Serve with tons of salad to compensate for the high caloric intake and smile because it reminds you of childhood and homecooked Italian meals, which are the best. My plate was still steaming but I could wait and ate about half of a sausage link before breathing again.

Ok, after a delicious dinner, it’s DIY-time! First, find your dusty cowgirl boots and riding boots and any other similar brown leather footwear. Here are your supplies; pretty simple. Brown shoe polish, like this one from Kiwi, lasts a long, long time. Maybe for life. A dark shade of brown will cover many spectrums of dark brown leather; it doesn’t have to match perfectly. You also need a brush with natural bristles that you won’t care if it gets dirty permanently.

See how the toes of my boots are all dull and the shine isn’t consistent across the front of the shoe? Let’s fix it!

Rub a paper towel or cloth rag in your polish. This part can be messy. I should’ve taken this task outside but you could also put out newspapers to catch any messes. Or just not care like me. 

Then place your boot over your arm, like so. Imagine if your arms had boots on them and you walked on your hands. I would certainly get much better at my handstands that is for sure. 

You want to rub the polish all over the surface of the boot but pay special attention to areas where there are cracks or obvious wear, scratches, etc. 

After rubbing polish all over the boot, take your brush and brusha-brusha-brusha all the spots you applied polish. The polish gets into the brush and begins to ‘shine up’ areas where the polish was applied. You can work the polish into the brush a bit too and shine up the whole boot. It will take a few minutes of brushing before the leather starts to shine. See the boot on the left? It is shinier and prettier than the one on the right. Next shoe!

Look at that gleam! That is what you are going for, I think, right? I mean, dusty boots are great for hanging out in a Western-style saloon, drinkin’ whiskey, and listening to sad country music, but who has time for that? Actually sounds like fun and something I wish I had more time for!

Shining & clean, and I think the polish does help protect the leather by making it more supple so it doesn’t crack as often and keeps it ‘somewhat’ waterproof. I even applied some polish to the new wood block heels that I had recobbled (yes, I did. I had broken these boots in and they are seriously the most comfortable shoes I own, so I wasn’t about to toss them when the heel started to wear out).
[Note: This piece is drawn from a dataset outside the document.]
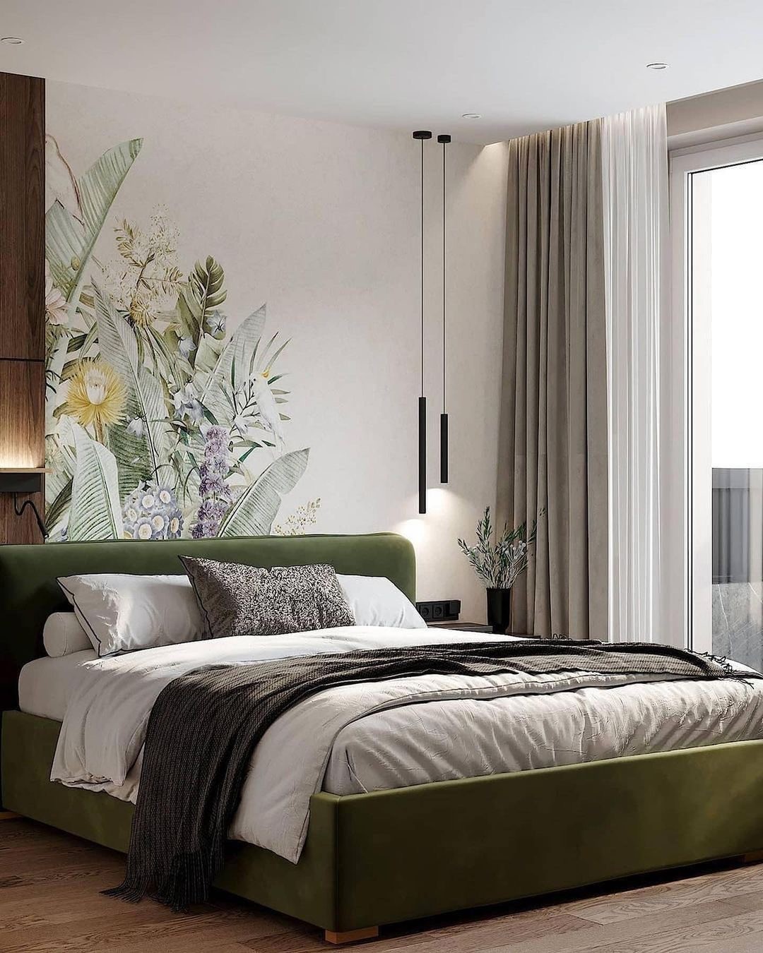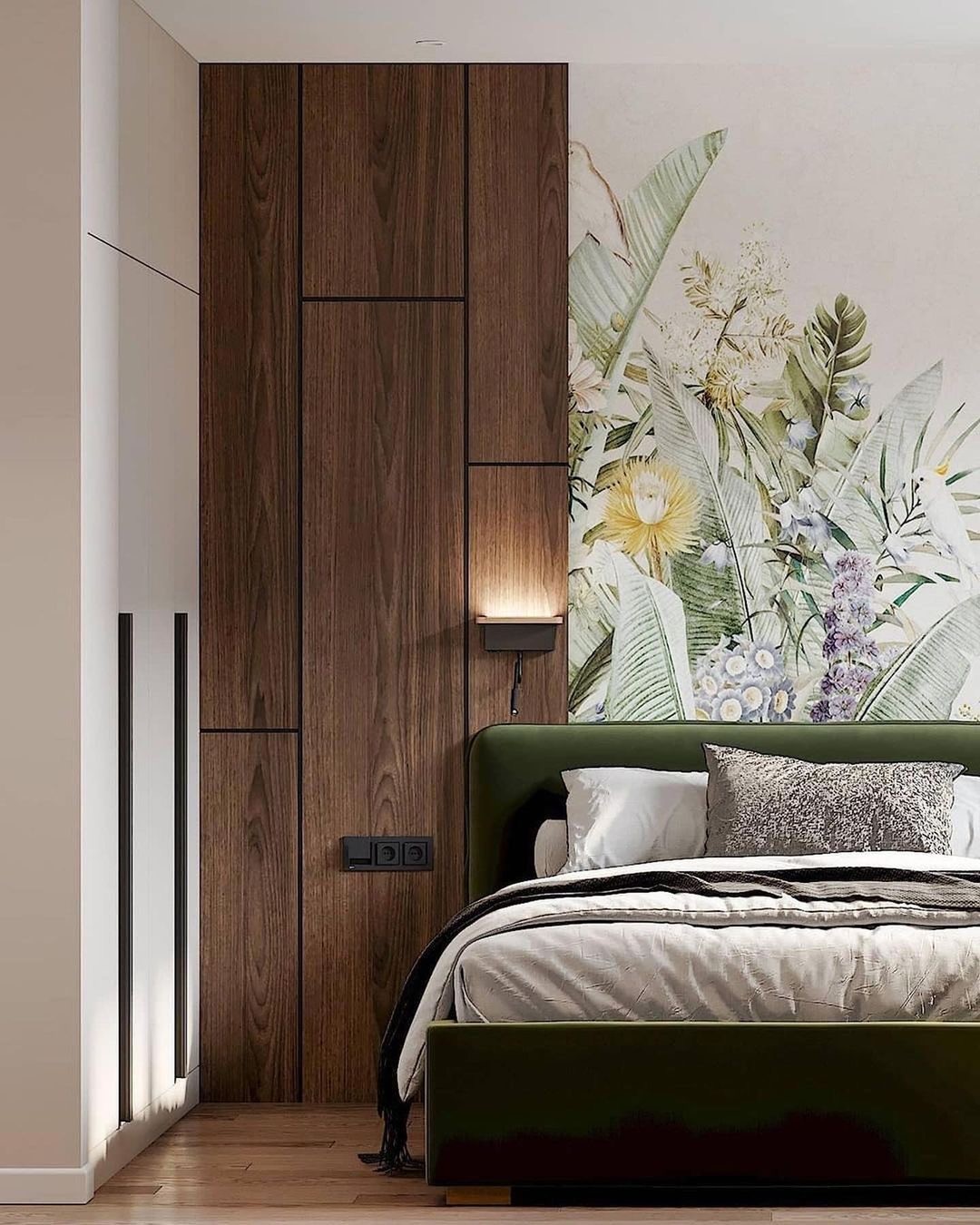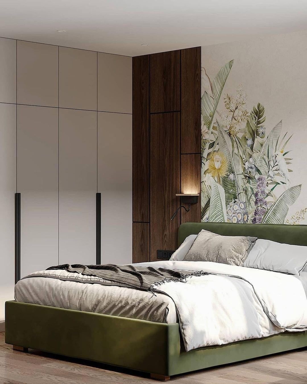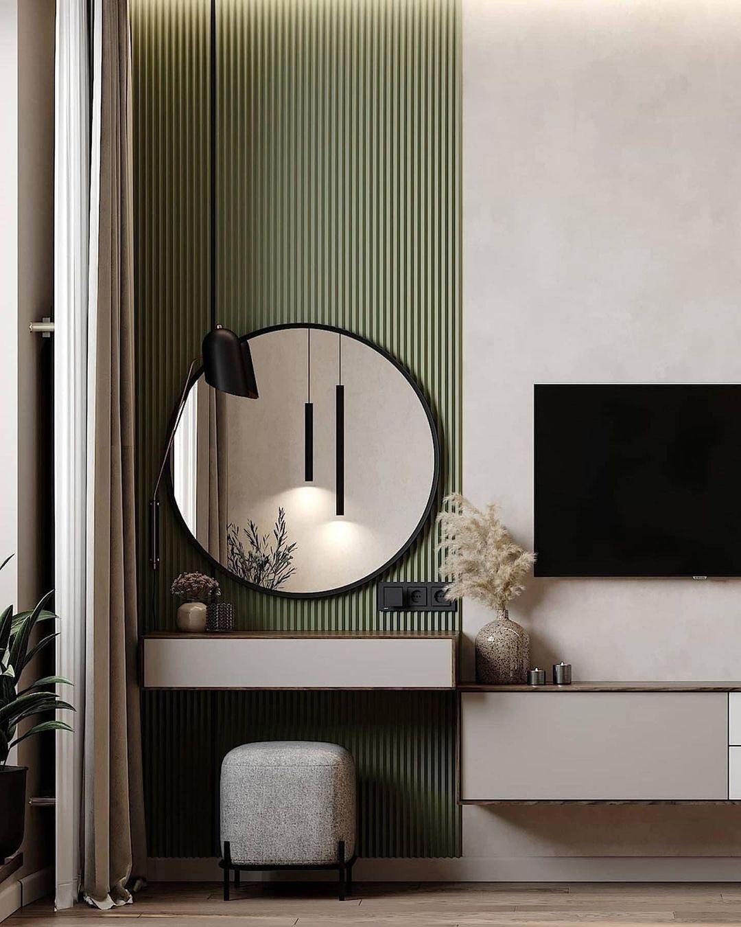 梳妆桌前的区域选用了绿色木格栅装点,文艺感满满。床尾墙面上还悬挂了一台电视机呢。

Any questions? Happy with your like-new shoes? In other exciting news – check out my one of many Christmas gift to myself! New cutting boards! I picked up the small paring board, which has a cool sticky surface on the bottom, and the larger chopping board at Targe’t.

The large board was made of cool recycled materials but can stand up to industrial-grade chopping (or hacking), heat, and cleans easy. Plus, it has silver stars embedded in the core. Cool huh?

What other DIY projects do you have on your list? Are they holiday projects or regular everyday life projects? I need to patch a hole on my front door (random), find a permanent winter home for my bicycles/possibly install a bike hook, photo project (ongoing; ugh, I take too many pictures), and refurbishing an old barn door as a possible bed headboard! Whew, that’s a lot!